Task details: Each line below must be reproduced exactly, though the pictures are to be dropped.

Recorded information:
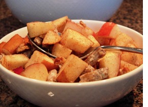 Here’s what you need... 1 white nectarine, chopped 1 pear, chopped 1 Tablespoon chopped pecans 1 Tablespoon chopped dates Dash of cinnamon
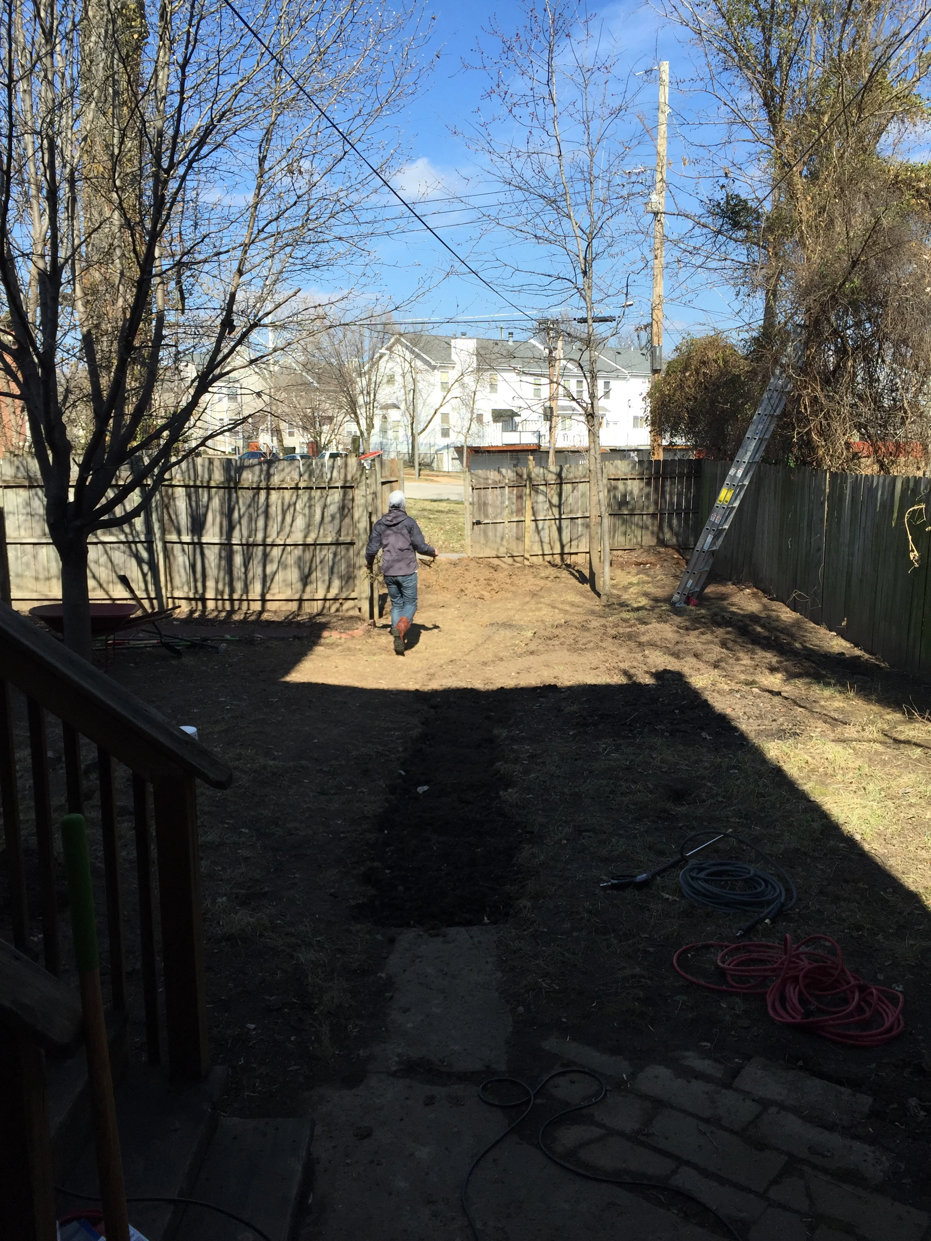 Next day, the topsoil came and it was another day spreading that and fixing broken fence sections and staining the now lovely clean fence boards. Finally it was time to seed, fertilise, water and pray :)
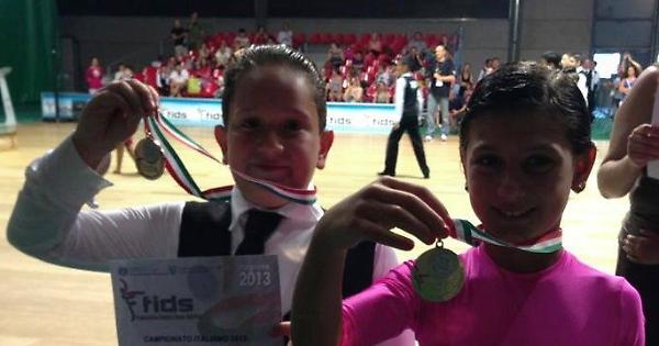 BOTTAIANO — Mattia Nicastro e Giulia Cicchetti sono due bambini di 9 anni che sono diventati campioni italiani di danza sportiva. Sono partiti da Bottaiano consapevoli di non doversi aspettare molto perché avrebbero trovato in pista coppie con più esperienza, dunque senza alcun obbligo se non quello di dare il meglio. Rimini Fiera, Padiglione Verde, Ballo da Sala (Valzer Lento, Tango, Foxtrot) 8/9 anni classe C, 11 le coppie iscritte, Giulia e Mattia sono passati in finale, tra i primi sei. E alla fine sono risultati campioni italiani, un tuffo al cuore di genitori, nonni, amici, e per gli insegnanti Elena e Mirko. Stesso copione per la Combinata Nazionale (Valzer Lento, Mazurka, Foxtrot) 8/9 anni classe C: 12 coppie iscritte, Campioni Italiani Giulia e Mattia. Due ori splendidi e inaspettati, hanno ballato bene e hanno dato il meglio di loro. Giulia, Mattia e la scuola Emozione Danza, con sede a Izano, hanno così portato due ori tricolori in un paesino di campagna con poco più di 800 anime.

Answer to the problem:
 Here’s what you need... 1 white nectarine, chopped 1 pear, chopped 1 Tablespoon chopped pecans 1 Tablespoon chopped dates Dash of cinnamon
 Next day, the topsoil came and it was another day spreading that and fixing broken fence sections and staining the now lovely clean fence boards. Finally it was time to seed, fertilise, water and pray :)
 BOTTAIANO — Mattia Nicastro e Giulia Cicchetti sono due bambini di 9 anni che sono diventati campioni italiani di danza sportiva. Sono partiti da Bottaiano consapevoli di non doversi aspettare molto perché avrebbero trovato in pista coppie con più esperienza, dunque senza alcun obbligo se non quello di dare il meglio. Rimini Fiera, Padiglione Verde, Ballo da Sala (Valzer Lento, Tango, Foxtrot) 8/9 anni classe C, 11 le coppie iscritte, Giulia e Mattia sono passati in finale, tra i primi sei. E alla fine sono risultati campioni italiani, un tuffo al cuore di genitori, nonni, amici, e per gli insegnanti Elena e Mirko. Stesso copione per la Combinata Nazionale (Valzer Lento, Mazurka, Foxtrot) 8/9 anni classe C: 12 coppie iscritte, Campioni Italiani Giulia e Mattia. Due ori splendidi e inaspettati, hanno ballato bene e hanno dato il meglio di loro. Giulia, Mattia e la scuola Emozione Danza, con sede a Izano, hanno così portato due ori tricolori in un paesino di campagna con poco più di 800 anime.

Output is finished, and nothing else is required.